Macau Casinos Suffer Fourth Month Of Declining Revenues
October 7, 2014 12:59 pmThe Chinese gambling resort of Macau has just suffered four consecutive months of decline after posting a 11.7% fall in revenues to $3.21 billion in September. The drop was also the biggest experienced by Macau in more than five years.
A whole host of factors have contributed to the startling contraction in Macau’s gambling industry, not least a Beijing crackdown on extravagance and corruption that has kept VIP gamblers away from the resort’s baccarat tables, and instead driven them towards casinos elsewhere in the world, from the Philippines to Las Vegas. Commenting on the situation, Praveen Choudhary, a Morgan Stanley analyst based in Hong Kong, said:
“Since the scrutiny has intensified, gamblers are instead spending time away from Macau. Rich and famous gamblers are lying low and junkets have turned cautious in extending credit to worthy people.”
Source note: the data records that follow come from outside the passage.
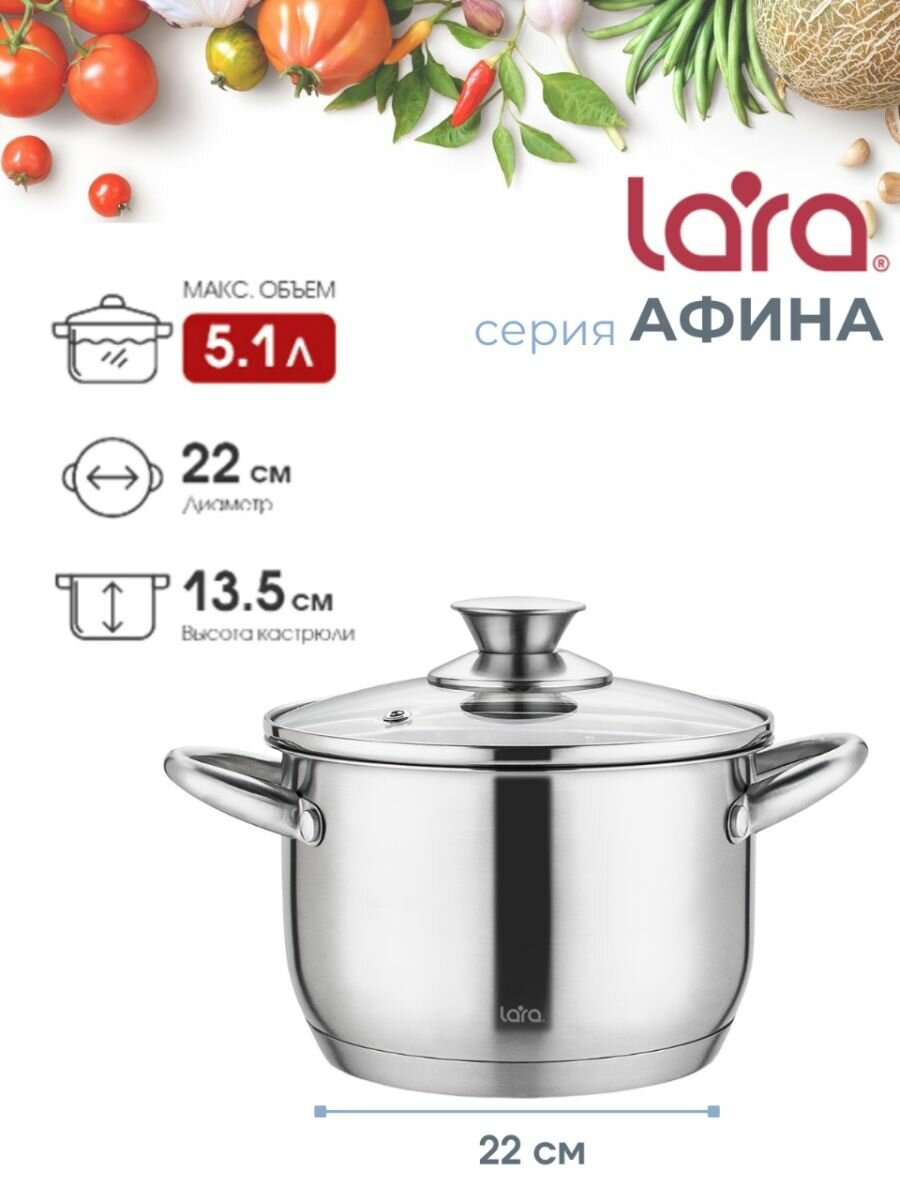 Набор посуды LARA АФИНА (кастрюли объемом 2,1+3,9+5,1л), нержавеющая сталь, индукция интересное: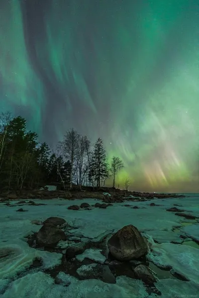 🌃 Остатки льда на берегу Финского залива, подсвеченные полярным сиянием 🗓 ночь на 21 марта 2026 📍 ЮБЗ, ЛО 📷 vk/tg @andrey_snimaet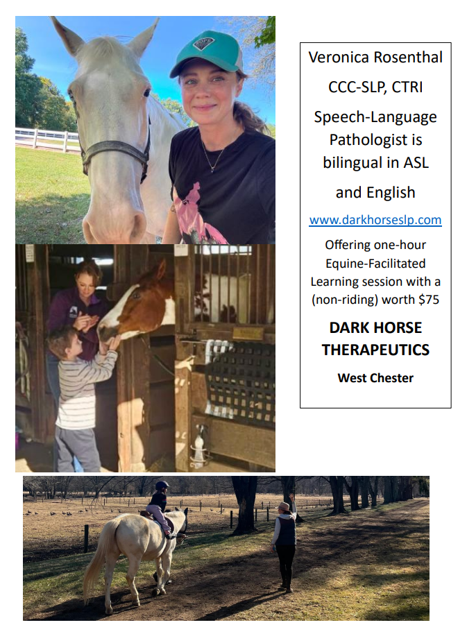 9) Dark Horse Therapeutics: One-hour non-riding Equine Facilitated Learning session with a bilingual trainer (ASL/English) Veronica Rosenthal who is a licensed ASL-fluent speech language pathologist and a certified therapeutic riding instructor in West Chester. www.darkhorseslp.com (value $75; starting bid $40).

Other factors contributing to Macau’s falling revenues include disruptive protests by casino staff demanding better benefits and wages, the ongoing protests in Hong Kong, and the new strict smoking laws set to be introduced which now seek to ban all smoking in “mass areas. According to Barclays Research, the stricter than expected smoking ban is likely to have a bigger negative impact than previously forecast, and as the company, explains:
“While previously we had expected just a low-to-mid-single-digit percentage impact to overall gross gaming revenue from the smoking ban (if premium mass areas can still smoke), we would now expect a higher mid-to-high-single-digit impact to overall GGR if smoking is not allowed in all premium mass areas as well.”
In spite of September’s lower revenues, however, casino shares rose sharply on Monday, including Vegas Sands Corp up by 7%, Galaxy Entertainment Group up 6%, SJM Holdings up 5.12%, MGM China up 4.93%, Wynn Macau up 4.44% and Melco Crown up 3.63%. That’s because the revenue fall was lower than the 12% to 13% year on year drop forecast by Macau Secretary for Economics and Finance Francis Tam Pak-yuen, last week.
“Maybe you’re getting to the point where investors are saying OK, just about anything that could go wrong has gone wrong so it’s not much lower than the stocks can go,” explained China Union Gaming analyst Grant Govertsen.